Considering the Lumber for 2012

Looking out from a 5* Golf Resort on Lough Erne, (a place I would not normally reside in it has to be said) I read these words from ‘Three Men and a Boat’ by Jerome K. Jerome.
It was an echo of more familiar words from St. Matthew.

George said:

“You know we are on a wrong track altogether. We must not think of the things we could do with, but only of the things that we can’t do without.”

George comes out really quite sensible at times. You’d be surprised. I call that downright wisdom, not merely as regards the present case, but with reference to our trip up the river of life, generally. How many people, on that voyage, load up the boat till it is ever in danger of swamping with a store of foolish things which they think essential to the pleasure and comfort of the trip, but which are really only useless lumber.

How they pile the poor little craft mast-high with fine clothes and big houses; with useless servants, and a host of swell friends that do not care twopence for them, and that they do not care three ha’pence for; with expensive entertainments that nobody enjoys, with formalities and fashions, with pretence and ostentation, and with – oh, heaviest, maddest lumber of all! – the dread of what will my neighbour think, with luxuries that only cloy, with pleasures that bore, with empty show that, like the criminal’s iron crown of yore, makes to bleed and swoon the aching head that wears it!

It is lumber, man – all lumber! Throw it overboard. It makes the boat so heavy to pull, you nearly faint at the oars. It makes it so cumbersome and dangerous to manage, you never know a moment’s freedom from anxiety and care, never gain a moment’s rest for dreamy laziness – no time to watch the windy shadows skimming lightly o’er the shallows, or the glittering sunbeams flitting in and out among the ripples, or the great trees by the margin looking down at their own image, or the woods all green and golden, or the lilies white and yellow, or the sombre- waving rushes, or the sedges, or the orchis, or the blue forget-me-nots.
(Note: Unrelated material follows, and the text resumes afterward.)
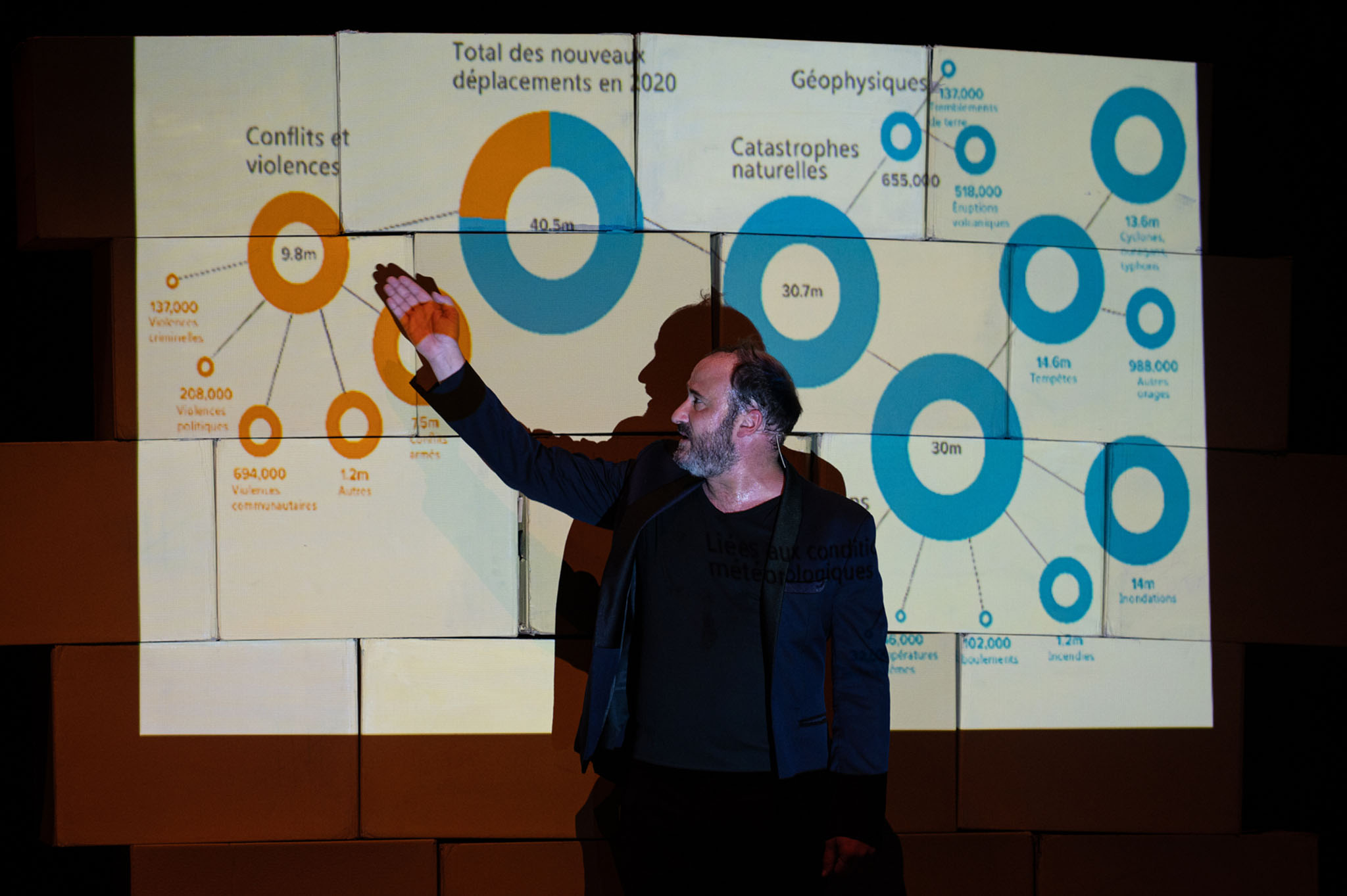 Conférence théâtralisée, Biennale #7 • Mise en scène par Michel André en collaboration avec François Gemenne et Frank Gazal

Throw the lumber over, man! Let your boat of life be light, packed with only what you need – a homely home and simple pleasures, one or two friends, worth the name, someone to love and someone to love you, a cat, a dog, and a pipe or two, enough to eat and enough to wear, and a little more than enough to drink; for thirst is a dangerous thing.

You will find the boat easier to pull then, and it will not be so liable to upset, and it will not matter so much if it does upset; good, plain merchandise will stand water. You will have time to think as well as to work.